Last week, we offered background on the situation with North Korea. We presented a short history of the Korean War with a concentration on the lessons learned by the primary combatants. We also examined North Korea’s political development from the postwar period through the fall of communism and how these conditions framed North Korea’s geopolitical situation. We also analyzed U.S. policy with North Korea and why these policies have failed to change the regime’s behavior.

The primary concern is that North Korea appears on track to developing a nuclear warhead and a method of delivery that would directly threaten the U.S. This outcome is intolerable and will trigger an American response.
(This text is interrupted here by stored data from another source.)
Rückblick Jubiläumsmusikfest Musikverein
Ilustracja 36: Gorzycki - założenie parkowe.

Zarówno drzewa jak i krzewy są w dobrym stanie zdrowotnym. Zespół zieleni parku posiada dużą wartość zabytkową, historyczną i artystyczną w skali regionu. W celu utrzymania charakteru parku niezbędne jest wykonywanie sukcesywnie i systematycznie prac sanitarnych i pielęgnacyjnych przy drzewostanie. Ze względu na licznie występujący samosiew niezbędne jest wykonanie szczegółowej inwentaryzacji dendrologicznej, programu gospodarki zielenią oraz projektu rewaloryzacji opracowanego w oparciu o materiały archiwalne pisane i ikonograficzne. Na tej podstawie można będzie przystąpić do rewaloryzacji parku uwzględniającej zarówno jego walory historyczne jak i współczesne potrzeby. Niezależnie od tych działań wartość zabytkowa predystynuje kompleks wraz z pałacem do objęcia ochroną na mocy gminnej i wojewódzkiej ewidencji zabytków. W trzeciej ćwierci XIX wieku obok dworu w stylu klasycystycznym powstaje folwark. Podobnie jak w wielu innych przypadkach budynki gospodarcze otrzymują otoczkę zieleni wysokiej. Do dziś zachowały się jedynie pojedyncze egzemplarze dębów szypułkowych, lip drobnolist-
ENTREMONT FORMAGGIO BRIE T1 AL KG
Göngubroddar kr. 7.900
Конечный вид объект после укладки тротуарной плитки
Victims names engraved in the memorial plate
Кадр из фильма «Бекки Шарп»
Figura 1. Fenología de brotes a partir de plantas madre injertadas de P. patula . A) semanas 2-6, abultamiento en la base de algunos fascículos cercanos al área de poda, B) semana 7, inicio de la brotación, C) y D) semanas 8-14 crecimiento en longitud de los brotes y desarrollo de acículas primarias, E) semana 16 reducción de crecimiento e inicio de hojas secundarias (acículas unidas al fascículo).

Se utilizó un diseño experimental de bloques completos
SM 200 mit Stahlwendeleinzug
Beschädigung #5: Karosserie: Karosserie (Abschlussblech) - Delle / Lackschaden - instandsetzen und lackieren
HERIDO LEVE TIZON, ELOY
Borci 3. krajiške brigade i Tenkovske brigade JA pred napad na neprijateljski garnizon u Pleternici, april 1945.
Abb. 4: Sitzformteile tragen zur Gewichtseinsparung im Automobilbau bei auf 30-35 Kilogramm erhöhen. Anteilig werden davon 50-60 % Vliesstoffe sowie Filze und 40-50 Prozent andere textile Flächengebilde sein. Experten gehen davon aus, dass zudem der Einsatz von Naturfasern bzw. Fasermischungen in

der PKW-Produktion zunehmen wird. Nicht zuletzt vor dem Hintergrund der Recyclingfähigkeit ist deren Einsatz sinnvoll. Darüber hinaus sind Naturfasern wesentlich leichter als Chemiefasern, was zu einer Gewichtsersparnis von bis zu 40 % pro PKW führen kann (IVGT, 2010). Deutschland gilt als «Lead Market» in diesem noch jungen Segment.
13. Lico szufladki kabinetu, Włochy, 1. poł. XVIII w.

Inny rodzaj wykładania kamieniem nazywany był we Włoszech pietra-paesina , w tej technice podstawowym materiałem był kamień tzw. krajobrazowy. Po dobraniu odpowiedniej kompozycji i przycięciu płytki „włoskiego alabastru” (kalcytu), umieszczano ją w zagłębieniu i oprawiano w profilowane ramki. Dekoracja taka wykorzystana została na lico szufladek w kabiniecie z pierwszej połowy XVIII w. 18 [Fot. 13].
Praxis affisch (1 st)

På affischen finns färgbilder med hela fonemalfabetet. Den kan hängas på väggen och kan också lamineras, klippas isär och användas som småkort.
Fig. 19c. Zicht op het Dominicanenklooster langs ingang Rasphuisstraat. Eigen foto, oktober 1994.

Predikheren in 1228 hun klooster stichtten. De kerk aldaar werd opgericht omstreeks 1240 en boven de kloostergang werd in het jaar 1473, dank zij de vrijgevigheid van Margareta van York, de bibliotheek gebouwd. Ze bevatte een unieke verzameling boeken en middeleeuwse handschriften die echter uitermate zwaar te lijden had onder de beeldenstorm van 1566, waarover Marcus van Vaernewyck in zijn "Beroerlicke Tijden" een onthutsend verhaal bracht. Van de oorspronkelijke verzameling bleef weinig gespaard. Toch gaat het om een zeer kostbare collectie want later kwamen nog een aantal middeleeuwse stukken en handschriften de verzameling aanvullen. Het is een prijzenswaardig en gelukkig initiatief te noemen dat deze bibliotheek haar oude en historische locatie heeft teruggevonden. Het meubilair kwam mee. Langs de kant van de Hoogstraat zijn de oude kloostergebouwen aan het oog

In Part II, we will discuss what a war on the peninsula would look like, including the military goals of the U.S. and North Korea. This analysis will include the signals being sent by the U.S. that military action is under consideration and a look at the military assets that are in place. War isn’t the only outcome; stronger sanctions or a blockade are possible, as are negotiations. An analysis of the chances of success and likelihood of implementation will be considered. As always, we will conclude with market ramifications.

What Would War with North Korea Look Like?
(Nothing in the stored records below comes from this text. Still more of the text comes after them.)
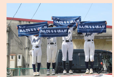
庵我子どもたちへのタオル贈呈

当日は会場において「庵我子ども基金」に多くのご賛同をいただき、80名以上の方々より10万円を超えるご寄付を頂戴しました。皆様のお気持ちを大切にさせていただき、ご寄付いただきました皆様、本当にありがとうございました。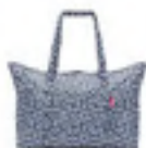
AG 4073 signature navy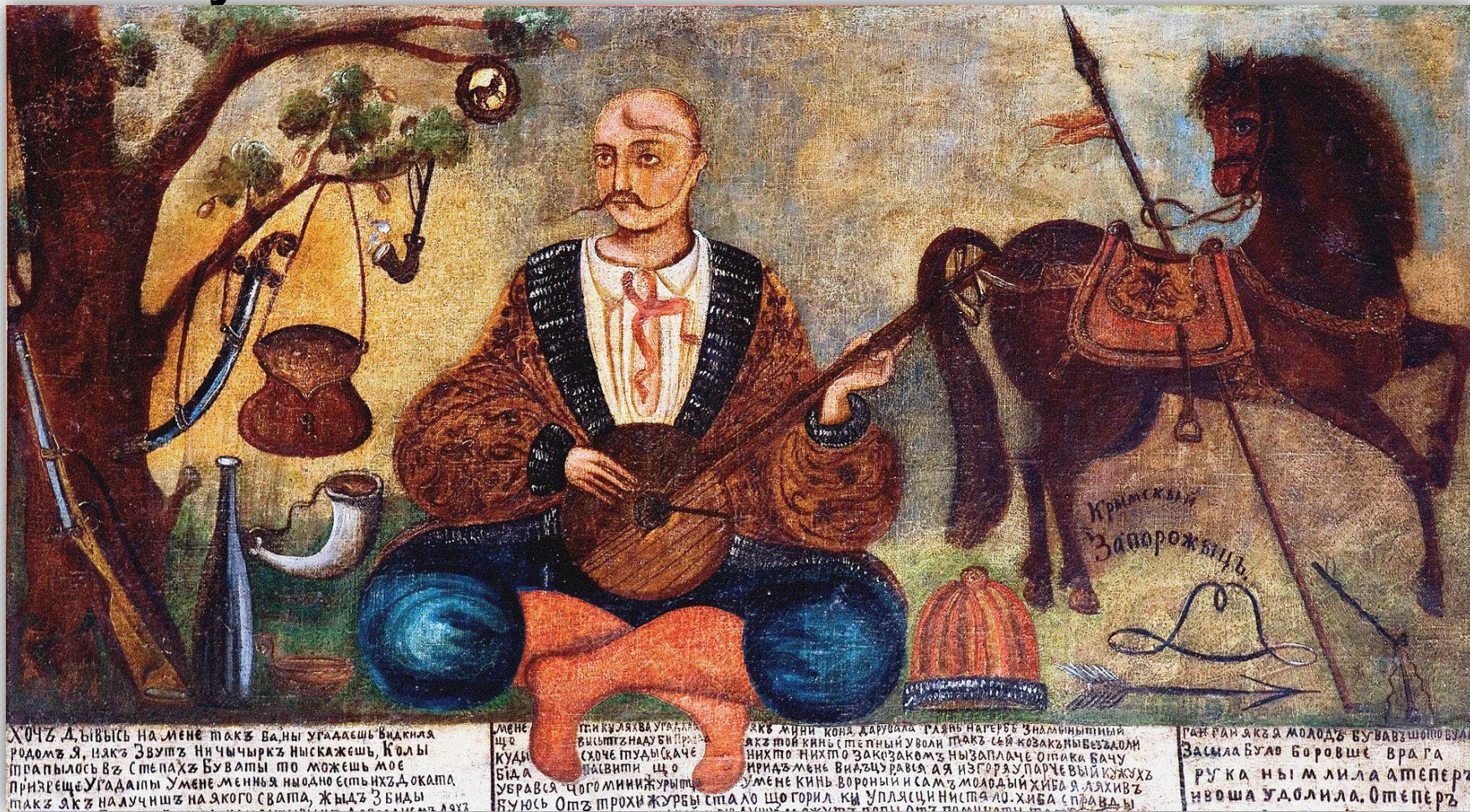
➤ «Козак Мамай», Крим 1780-1790 .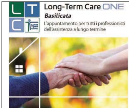
La locandina dell'evento

Rivolto ai professionisti e ai decision maker del mondo dell'assistenza sanitaria e del welfare, così come alle istituzioni, l'appuntamento in programma nella città dei Sassi, farà il punto su come adeguare l'approccio terapeutico a un insieme sempre più ampio di malattie di natura cronica e direttamente correlate all'invecchiamento.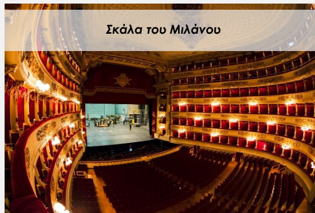
Σκάλα του Μιλάνου

The U.S. has two objectives in a war with North Korea. First, it wants to protect South Korea against the artillery North Korea has amassed around the demilitarized zone (DMZ). Second, it wants to destroy North Korea’s ability to deliver a nuclear weapon against the U.S. As we noted last week, North Korea has an estimated 21k artillery pieces on the DMZ, everything from sophisticated rocket launchers to infantry-manned mortars. Although many of the pieces are quite old, it is estimated that millions of South Koreans would still be at risk and casualties would be high.
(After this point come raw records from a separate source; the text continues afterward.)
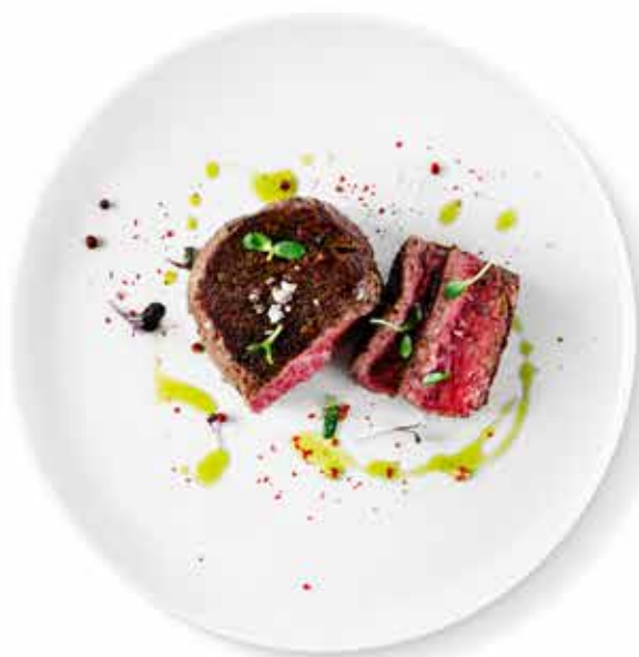
BISTECCA DI FILETTO DI MANZO biftek z hovězí svíčkové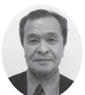
辻 薫 管轄 (甲斐市)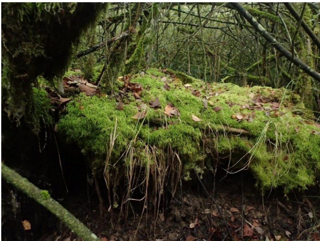
#20190925 Zwevend veenmospakket op horizontale takken in het Meddosche Veen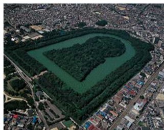
【世界文化遺産「百舌鳥・古市古墳群」】

府域の多様な観光素材を活かし、大阪府域全体へのクルーズ客船の乗客の訪問促進、クルーズ客船寄港による観光振興・地域活性化を図ります。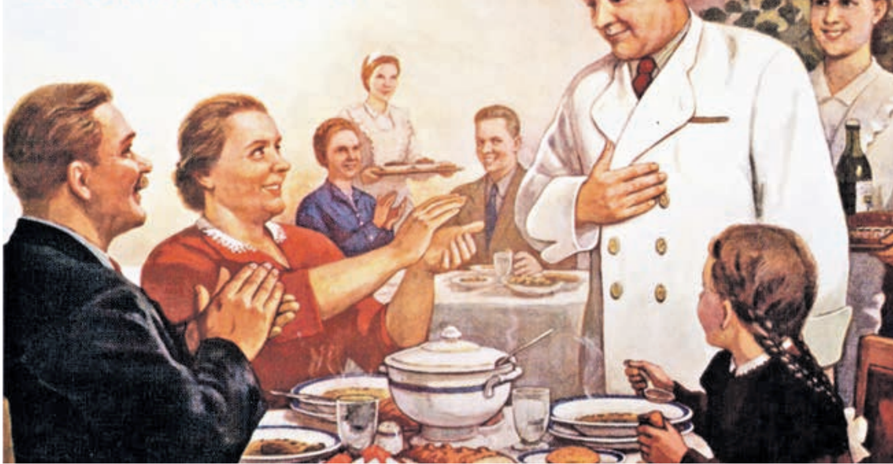
Советский агитационный плакат «Заслужите похвалу!» художника Виктора Говоркова, 1954 год. В послевоенные годы восстановления страны назрела необходимость повышения качества обслуживания населения во всех сферах быта. Эта задача решалась в том числе и средствами плановой живописи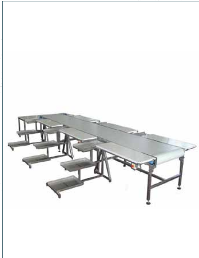
ET İŞLEME KONVEYÖRÜ MEAT PROCESSING CONVEYORS

Meat Processing Tables Meat Processing Conveyors Butcher Working Tables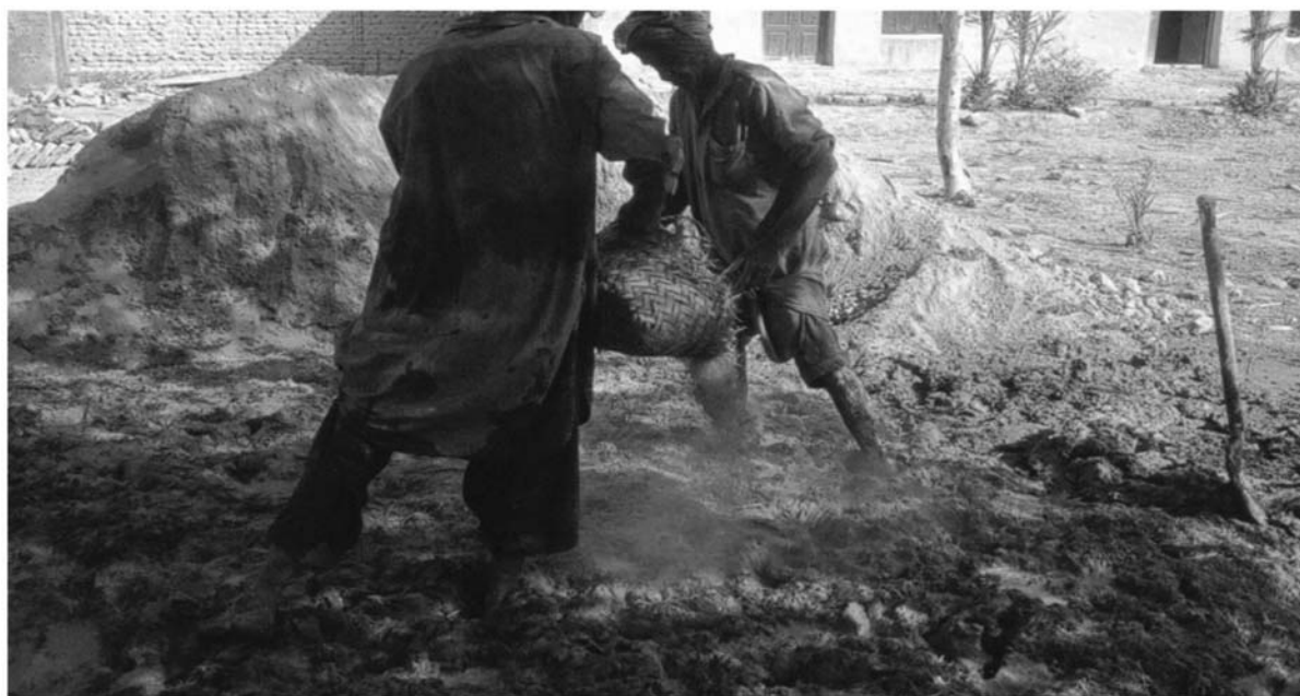
Fig. 1. Incorporation d'un dégraissant végétal (résidu du battage de blé froment) à l'argile destinée à la fabrication de briques crues, Makran Pakistanais.

vêtues comme l'engrain ( T. monococcum ), l'amidonner ( T. dicoccum ), l'épeautre ( T. spelta ) ou l'orge vêtue ( Hordeum vulgare ). En se décomposant, les différents éléments du dégraissant végétal laissent des empreintes sur l'argile. Celles-ci sont occasionnellement utilisées par les archéobotanistes afin de compléter les informations obtenues par une étude carpologique « classique », c'est-à-dire fondée sur l'identification des graines et des fruits (Helbaek, 1948 ; Willcox & Fornite, 1999 ; Willcox & Tengberg 1995). En effet, les empreintes permettent d'observer les parties fragiles des céréales, telles glumes et glumelles (voir infra ) qui sont rarement préservées dans les sédiments archéologiques. De surcroît, ces éléments ont souvent une valeur diagnostique permettant de préciser l'identification d'une céréale jusqu'à l'espèce, voire la sous-espèce. Outre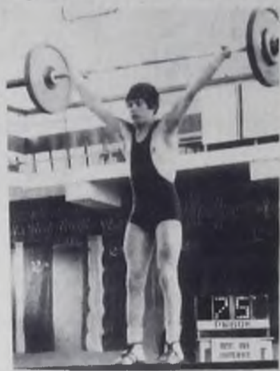
ды, занявшие второе и третье места, награждены дипломами и вымпелами.

Победители в каждой весовой категории были награждены грамотами, жетонами и памятными подарками, призеры — грамотами и жетонами. Команда-победительница награждена дипломом I-й степени, памятным вымпелом и переходящим призом. Коман-

A U.S. war plan would presumably use a massive air campaign with saturation bombing of an area along the DMZ and 25 miles deep within North Korea. Of course, this is a rather obvious target so the North Koreans have also built up a significant air defense system. It doesn’t appear to be anything the U.S. Air Force couldn’t suppress within a week or two. But, the U.S. couldn’t safely use its largest heavy bomber, the B-52, until air defenses were eliminated. Until then, we would expect that stealth bombers, the B-2, B-1 and maybe the F-35, would be drafted into a bombing role and deployed. Simply put, South Koreans would face an artillery barrage until North Korea’s air defenses were contained, which would mean thousands of dead or wounded South Koreans. North Korea also reportedly has massive stores of chemical weapons; it would not be a surprise to see such weapons deployed, especially if the North Koreans felt they were losing.

To meet this second goal in a war with North Korea would require massive bombing raids on its missile factories. If our analysis of the shift in policy is correct, the U.S. may decide to spare North Korea’s nuclear weapons facilities. However, if the U.S. did decide to attack these as well, it would likely require “bunker buster” weapons. To ensure these attacks were successful, manned reconnaissance missions might be required.
Secretary of Defense Mattis has described a war with North Korea as “catastrophic.”